• _Instructions for the task_
Could you give back the records exactly, taking out the pictures?

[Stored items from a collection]

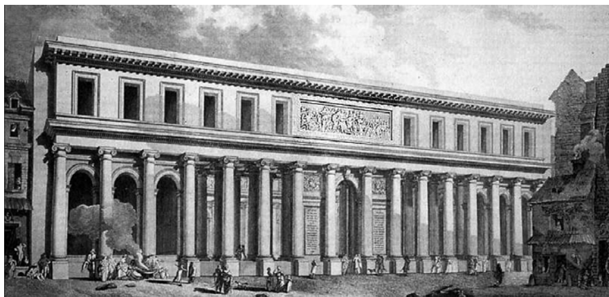
Fig. 5A. 1775, l'Académie royale de chirurgie par Jacques Gondouin, vue de la cour intérieure, B.N. modifié. 5B. façade donnant rue des Cordeliers. (cette œuvre est dans le domaine public)
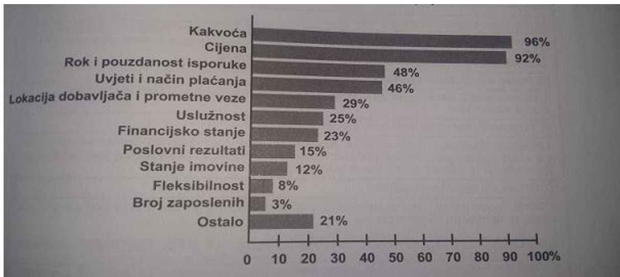
Slika 4. Značenje kriterija za izbor dobavljača prema ispitivanju predstavnika nabave

Izvor: Viliam Freišak, Nabava-politika-strategija-organizacija-managment, 2006. Str.139
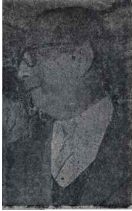
Burhan Belge Beceriksiz radyocu...

nurken belki "birisi durumu sabote etmişti veya edebilirdi. ;
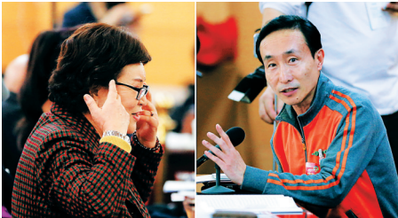
3月4日，全国政协十二届四次会议举行小组讨论。政协委员巩汉林（右）提问。政协委员刘兰芳（左）回应。
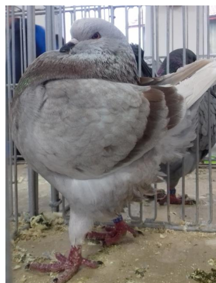
moravský pštros 96 b-čc - Čep V./ kariér červený- 94 b. - Kropáček J./ king plavý 97 b. Grand šampion-Poděbradský J.
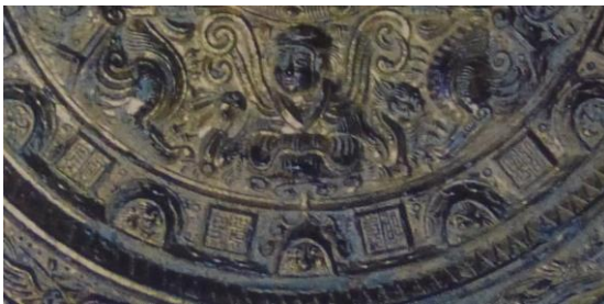
図10 画文帯四神四獸鏡 径14.2 cm
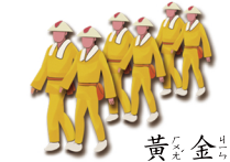
黃 ㄏㄨㄤˊ 金 ㄐㄩㄣˊ 色 ㄕㄨㄣˊ

• _Task output_
Fig. 5A. 1775, l'Académie royale de chirurgie par Jacques Gondouin, vue de la cour intérieure, B.N. modifié. 5B. façade donnant rue des Cordeliers. (cette œuvre est dans le domaine public)
Slika 4. Značenje kriterija za izbor dobavljača prema ispitivanju predstavnika nabave

Izvor: Viliam Freišak, Nabava-politika-strategija-organizacija-managment, 2006. Str.139
Burhan Belge Beceriksiz radyocu...

nurken belki "birisi durumu sabote etmişti veya edebilirdi. ;
3月4日，全国政协十二届四次会议举行小组讨论。政协委员巩汉林（右）提问。政协委员刘兰芳（左）回应。
moravský pštros 96 b-čc - Čep V./ kariér červený- 94 b. - Kropáček J./ king plavý 97 b. Grand šampion-Poděbradský J.
図10 画文帯四神四獸鏡 径14.2 cm
黃 ㄏㄨㄤˊ 金 ㄐㄩㄣˊ 色 ㄕㄨㄣˊ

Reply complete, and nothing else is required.